The modified Gastric Alimetry System is as safe and effective as the Gastric Alimetry System. The Gastric Alimetry System has the same intended uses and similar indications, technological characteristics, and principles of operation as its predicate device. The minor differences in indications do not alter the intended use of the device and do not affect its safety and effectiveness when used as labeled. In addition, the minor technological differences between the modified Gastric Alimetry System and its predicate device raise no new issues of safety or effectiveness.

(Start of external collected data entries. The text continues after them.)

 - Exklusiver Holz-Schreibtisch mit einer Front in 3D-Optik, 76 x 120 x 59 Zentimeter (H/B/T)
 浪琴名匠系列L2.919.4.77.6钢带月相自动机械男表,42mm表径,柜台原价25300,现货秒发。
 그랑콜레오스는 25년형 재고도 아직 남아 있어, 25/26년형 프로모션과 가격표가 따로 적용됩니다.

Regulation Number and Section

§ 876.1735 Electrogastrography system.

(a)
Identification. An electrogastrography system (EGG) is a device used to measure gastric myoelectrical activity as an aid in the diagnosis of gastric motility disorders. The device system includes the external recorder, amplifier, skin electrodes, strip chart, cables, analytical software, and other accessories.(b)

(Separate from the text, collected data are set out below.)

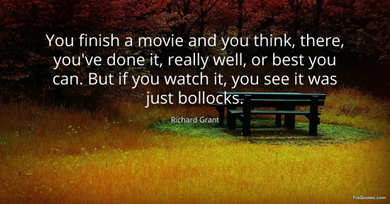 Grant, Richard. "You finish a movie and you think, there, you've done it, really well, or best you can. But if you watch it, you see it was just bollocks." FixQuotes. January 15, 2026. https://fixquotes.com/quotes/you-finish-a-movie-and-you-think-there-youve-done-163074/.
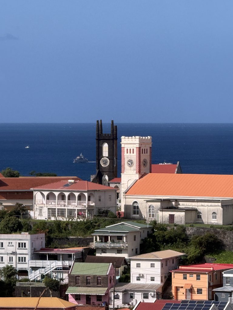 Montag früh ist Elina angekommen und dann ging es in die Stadt St. George, angeblich einer die schönsten Städte hier. Nichts sehr groß, sehr bunt und wahnsinnig viel los auf der Straße. Vor 14 Jahren war hier ein Hurricane, die Wunden davon sieht man bis heute. Vor allem sind einige schöne alte Häuser nicht wieder aufgebaut worden, da das Geld dafür fehlt. Drei Kirchen, die alle zu waren, hügelig, freundliche Menschen. Zum Schluss sind wir noch ins Nationalmuseum gegangen, das aus drei kleinen Räumen besteht. Einer war über die Sklavenzeit, einer Geschichte uns ein Raum über die Schönheitsköniginnen der Insel.
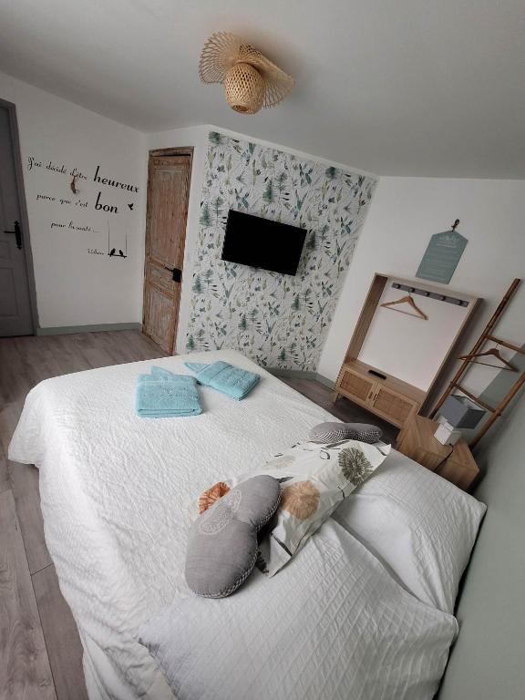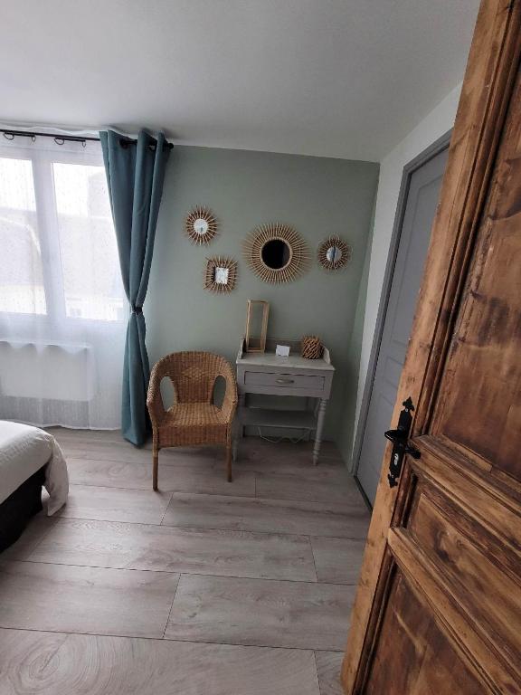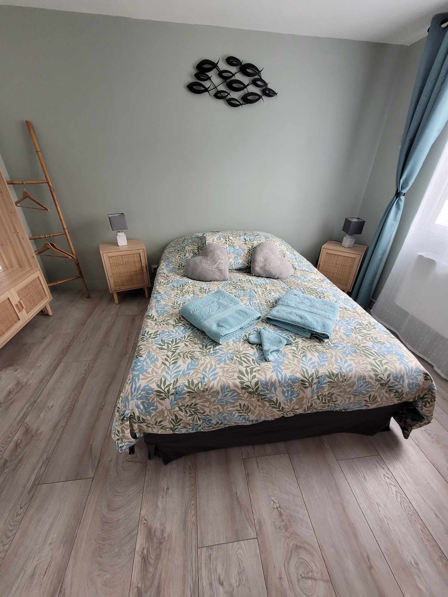 Cette chambre, nichée au premier étage de la maison d’hôtes At’home, à une enjambée de la plage, offre une escapade sereine avec son ambiance ‘Bobo Hygge’.

Classification. Class II (Special Controls). The special controls are as follows:(1) The sale, distribution and use of this device are restricted to prescription use in accordance with § 801.109 of this chapter.
(2) The labeling must include specific instructions:
(i) To describe proper patient set-up prior to the start of the test, including the proper placement of electrodes;
(ii) To describe how background data should be gathered and used to eliminate artifact in the data signal;
(iii) To describe the test protocol (including the measurement of baseline data) that may be followed to obtain the EGG signal; and
(iv) To explain how data results may be interpreted.
(3) The device design should ensure that the EGG signal is distinguishable from background noise that may interfere with the true gastric myoelectric signal.
(4) Data should be collected to demonstrate that the device has adequate precision and the EGG signal is reproducible and is interpretable.